16 thoughts on “Myth of EM? Eyebrows and shaving

  1. As a teen, I tweezed my “way too wide” brows ’til they were the shape I preferred. They’re thin, so I’ve spent LOTS of $ on eyebrow pencils over the years to “fill them in”.

  2. Interesting question. If the follicle isn’t damaged, as it becomes after repeated tweezings. I would think it may grow back. I know when I went through chemo, I lost some of mine, but it filled back in once treatments were behind me.

  3. Interesting the myths we hear about hair. If you go to an esthetician where they do waxing and electrolysis, all the staff will be completely convinced that men have beards because they shave.

    Of course eyebrows grow back, but maybe they grow back slowly. What would be the rationale for thinking otherwise? That eyebrows stop growing at age, um, seventeen for the sake of argument? Or whenever their last molars come in? Are eyebrow hairs supposed to be like teeth? (So why would anyone need to pluck their brows more than once in their life, and why do old people’s eyebrows look bushier than young people’s eyebrows?)

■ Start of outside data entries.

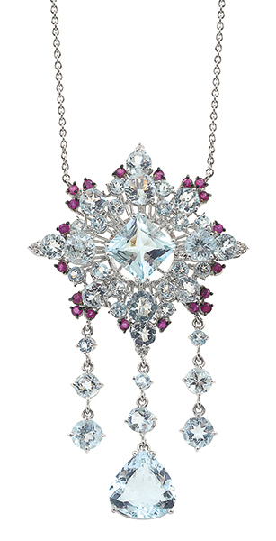 The cluster pendant with three articulated drops, set with multi faceted aquamarines, ruby and diamond highlights, to fine trace chain, all mounted in 18ct white gold.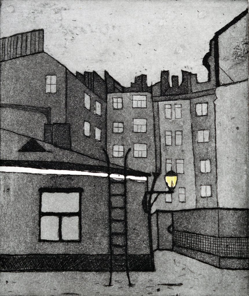Teen kaikki grafiikkatyöni syväpainomenetelmällä. Siinä viivat on kaiverrettu ja syövytetty laatan pintaan syvennyksiksi. Vedostaessa väri siirtyy näistä syvistä osista paperiin. Vedoksia teen yleensä noin 30 kpl/työ riippuen käytettävästä tekniikasta.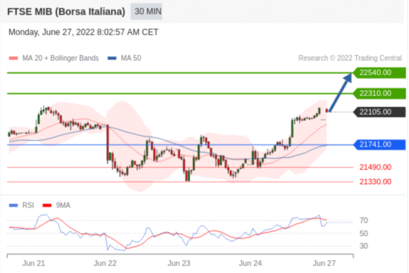 交易策略: 在 21741.00 之上,看涨,目标价位为 22310.00 ,然后为 22540.00 。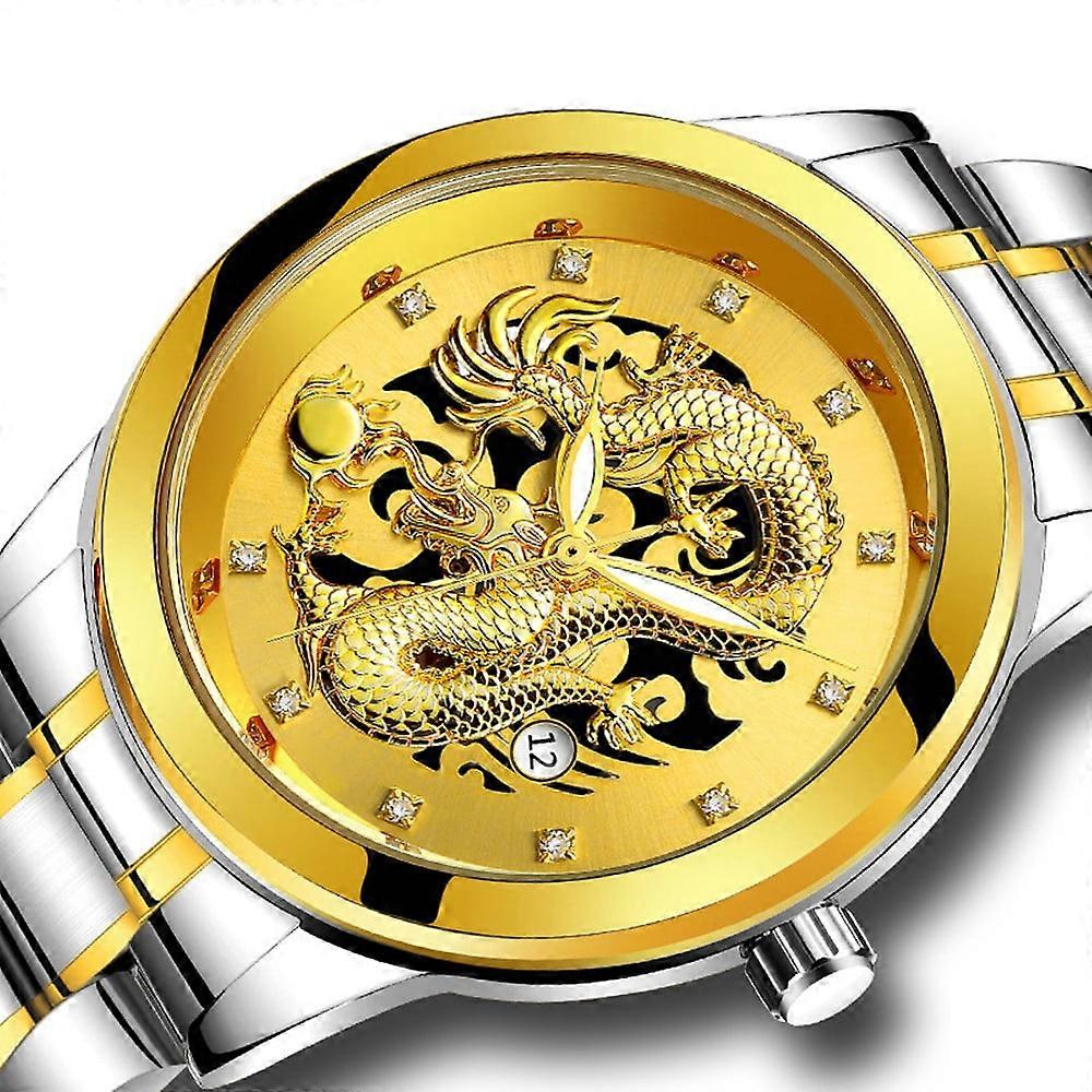 Quinlirra Watches for Women Mens Gold Dragon Sculpture Quartz Watch Luxury Men Steel Wristwatch Fashion Travel Essentials

  4. Don’t know about eye brows. There is an old story of many, many years ago about a kid who shows up in the ER with a scalp wound. Blood everywhere, parents upset, and the young ER doc calls for a razor to shave part of the kids head.

    Over walks a young EMT just back from Viet Nam where he had been a medic. First he calms everyone down, including the doctor. He then cleans the kid up and tells the doctor to watch.

    Pulling the scalp together he uses the kid’s hair to tie the nicest tight knots holding everything in place. He then tells the parents to watch for infection and in a couple of weeks to carefully cut the knots and comb the kid’s hair.

    He then went on to explain that in Viet Nam the real medical problem was the risk of infection due to broken skin. A friend was in Fiji and received a minor cut. He nearly died from the resulting infection.

    All this scraping can create problems beyond just the cosmetic.

    Steve Lucas

  5. Are you kidding? My cousin wouldn’t have a job if eyebrows didn’t grow back! She’s a Licensed Esthetician and the majority of her business is repeat customers for eyebrow shaping.

    Plus, Buddhist monks of certain lineages have to shave their heads and eyebrows at least once a month. If eyebrows didn’t grow back, I’m sure they’d be happy they didn’t have to get that close to their eyeballs with a razor!

  6. The question is moot. There is no need to shave hair any place on the body for any reason. I never shave hair on the face or scalp. Yes, eyebrows can regrow but they ususally don’t fully grow in. (See comment #1.) I completely agree with comment #6.

  7. Mine grew back. All three times I got cuts over my eyes as a kid, in fact. One on right side, two on the left. My anecdote is not data, but it is truth.

  8. The question is not moot. If we’re perpetuating dogma that’s wrong, it’s wrong.

    I never have eyebrows shaved, and do not advocate ever shaving them, but that doesn’t make the question less useful.

    We only occasionally shave, and then scalps which are, well, scalp jobs and will take a a lot of effort to get closed.

    Thanks to all. Now I don’t worry so much about that guys eyebrow.

  9. Yep, eye brows do grow back. One of my knuckle headed Sailors shaved his a couple of weeks ago (not sure why). Now imagine a 6’2″ 220 lbs Chamoro with now eye brows. He scares the bejesus out of the Afghani kids. He looks like a Tim Burton version of “Powder”.

  10. For why then, does my wife plead with me and the barber offer to trim my brows each time I visit his chair?

    I say Balderdash.

  11. I was always taught not to shave the eyebrow prior to suturing due to to screwing up the margins. I.e. you shave it, sew up the lac and then end up with a jagged eyebrow.

  12. I don’t know about shaving, but I can tell you my eyebrows grew back after chemo and my father’s grew back after a fireball burnt his off.

  13. Google current pics of Bob Geldof and his thick eyebrows – after he shaved them off in “The Wall”.

  14. As I understand it, eyebrows just have the potential to grow back VERY slowly-if you hit the wrong point in the growth cycle, when the majority of the follicles are dormant, it could be 6-9 months before they properly fill in.